Mobile testing and analysis of motor functions use a variety of human-device interactions [50] and positional (eg, accelerometer, gyroscope, and GPS) [37,38,41], media (eg, camera) [46], and inherent (eg, device timer) [49] sensors, as shown in Table 4. Each motor subfunction calls for a subset of device capabilities to gain additional concrete metrics aiding in monitoring, diagnosis, and rehabilitation. Human-device interactions utilize sensors to monitor the positional state of a user’s finger during a tracing task on the screen, either via electrical current or reflection of waves. The output of this can be expressed as coordinates in 2-dimensional space and/or force measurements [50]. An example includes a geometric object (eg, circle or square) being displayed on the screen with the user’s intention to trace the shape. Relative coordinates of the trace path compared with the coordinates of the actual shape provide specific objective metrics (eg, the number of times the outline was crossed or the average distance of the trace from the outline). Positional sensors (accelerometers and gyroscopes) are used to capture device motion (eg, when a user moves the device, linear and rotational motion can be assessed) [37,38]. These sensors can be helpful in enhancing object manipulation testing (eg, having the subject manipulate the mobile device itself), balance (eg, monitoring for the lack of linear and rotational motion), and gross motor function (eg, placing the device on the subject’s center of mass for gait assessment). Gross motor function can also employ the device’s GPS capabilities for additional positional information [41]. A device camera can aid in the assessment of motor function both qualitatively and quantitatively. Video analysis techniques such as slow motion or stop-action viewing can be helpful for the qualitative analysis of movement. Quantitative motion analysis of exercise activities can be performed with a detailed analysis of video recordings to analyze the subject’s movement patterns [59]. The inherent device timer allows for temporal metrics to be collected in conjunction with each of the previously mentioned metrics (eg, maximum speed, average speed, and acceleration) [49]. Finally, the sampling rate of the device’s sensors can be configured to collect additional data points as needed for an objective fine-grained analysis of the motor function.

A few mobile device apps currently being used for motor assessment include gait feedback and activity recognition.

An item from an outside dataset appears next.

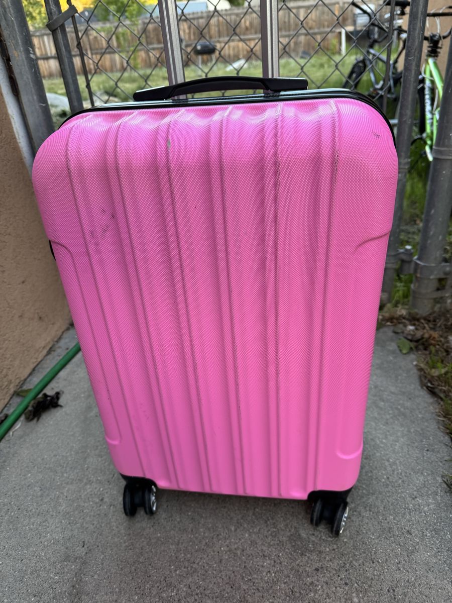 VenmoPink hard sheel luggage in good condition, works fine 24” Tall 16” width $40 Accept cash or Venmo

In gait rehabilitation and training, mobile device sensors were used to collect metrics for the analysis of gait patterns to establish corrective adjustments [60]. This study [60] implemented sensory feedback based on gait metrics and monitored how that feedback was interpreted for the change of subsequent steps. Similarly, mobile device sensors can aid in the classification of activities [61]. Requiring a subject to wear a smartphone on their waist to collect accelerometer and gyroscope data while various activities are performed allows for activity classification metrics to be collected.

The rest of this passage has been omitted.